# gone.



## banditbasser (May 2, 2015)

long gone....


----------



## richg99 (May 2, 2015)

Wow, private lake and it still has to be registered????

Sure glad I don't live there.


----------



## Johnny (May 2, 2015)

wow indeed

well, :WELCOME: to our pond !!

I know a little bit about the Florida law now that I just went through something similar.
In Florida, you can not even sell that boat for scrap unless it is cut up in small pieces.
the motor and trailer - no problem. no papers required.

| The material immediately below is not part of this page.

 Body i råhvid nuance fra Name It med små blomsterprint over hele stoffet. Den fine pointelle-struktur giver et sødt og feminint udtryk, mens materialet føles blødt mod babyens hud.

If you are looking to buy a title and VIN to bootleg your boat, I think this forum is not for you.
Try CraigsList in your area.

*asking for advice on Tin Boats is one thing, and everyone will help you as much as possible.
But, to ask a member here to break the law to sell you a VIN and Title is stretching it a bit.*

good luck

Did you get and still have a* Bill of Sale ???*
one after thought is that if you can hire a private party to do the research for you.
Vehicle registration is public records. Mostly not free, but available for a price.
Even if you have to pay a couple hundred bucks to find the "right" people to sign some
papers passing the boat to you would be worth it . . . that is a nice boat !!!
Or, you can learn how to use Ancestry.com, US Census records, find a grave.com, etc to find the survivors
of the guy that passed away.


----------



## banditbasser (May 2, 2015)

Barefoot_Johnny said:


> wow indeed
> 
> well, :WELCOME: to our pond !!
> 
> ...



Thanks for the welcome, the next day after picking up the pro 17 I drove past a 1992 TX17 and picked up it as well! So I am working on the TX17 now(no title issues).

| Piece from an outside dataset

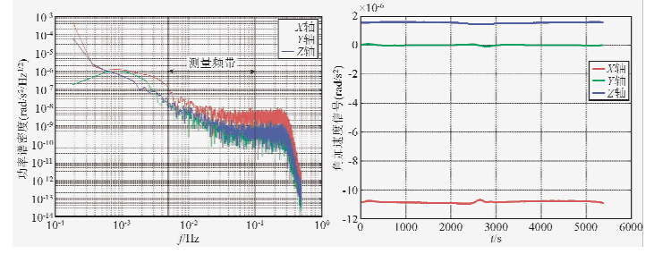 ![]() | 图 3 卫星三轴角加速度在轨实测数据(a)功率谱密度(b)时域值 GOCE L1b数据“EGG_CGA_1i”,2009年11月1日00:49:15~02:18:59,数据长度:5384 s.Fig. 3 In-orbit data of satellite three axes angular accelerations(a)PSD(b)data from time-domain GOCE L1b data“EGG_CGA_1i”from 00:49:15 to 02:18:59,November 1st, 2009,data length: 5384 s. |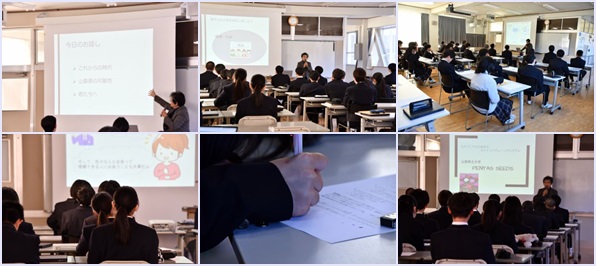 1月7日 ⑥校時 1年次生は、理系進路選択支援プログラムとして訪問講義を受講しました。これからの時代、山梨県の可能性、君たちへという内容で進められ、自分たちの置かれている現状や将来のこと、環境についても詳しく知ることができ、進路を考えていく上でとても有意義な時間となりました。

No bill of sale as it passed hands 3 times from the deceased kids, to his grandkid to his grandkids friend then to me. The fella I got it from was less than helpful and didnt want to give me any paperwork since he didnt have any himself. I do have statement of origin from the trailer.

I found the obituary of the fella that passed so I know his kids names but not how to contact them or how they could really be of any help if i did. I am going to see a neighbor who works at DMV soon and see if she has any insight. I think talking to the right person from DMV could make this happen! Finding the "right" person to talk to is definitely key here. If anyone here works for NJ DMV please contact me!

BTW Here is the TX17 as I passed it on the road for sale and under the knife yesterday:


----------



## lckstckn2smknbrls (May 4, 2015)

You need to find the executor of the will / estate.


----------



## Johnny (May 5, 2015)

lckstckn2smknbrls said:


> You need to find the executor of the will / estate.



Yeah, that is what I was thinking too, I just couldn't remember the term.
someone, somewhere, has the power to sign papers to settle the person's debts.
and, [I think] your boat falls into that category.
I don't know if each state is different when it comes to Probate Laws.
As an afterthought, I would suggest you check with YOUR lawyer !!!! Maybe he/she
can at least steer you in the right direction. Maybe even for a fee, file a petition to have
the boat put in your name. Sort of like a Writ of Habeas Corpus. (meaning, you have the boat,
you need to find the owner).
Keep checking with the DMV until someone can actually put papers in your hand for the
"legal" owner to sign and return to DMV.

Don't give up ! that is a nice boat and well worth the legal trouble.
and personally, trying to bootleg some legal papers is not the right way to go.
My conscience would not let me enjoy a day of fishing knowing the boat had some
illegal issues on it. (but, that is just me).


----------



## richg99 (May 5, 2015)

Absent an actual probate, most States have something called a" Small Estate Affidavit "," that allows transfer of assets. But, I believe you have to be an heir to sign it.


----------



## banditbasser (May 5, 2015)

Thanks for the replys and ideas. I am going to keep working until I get the title but for now I will just work on my other Tracker. I will update if and when I finally get it. In the meantime as soon as I make some real progress on the TX17 I'll start a thread on it.


----------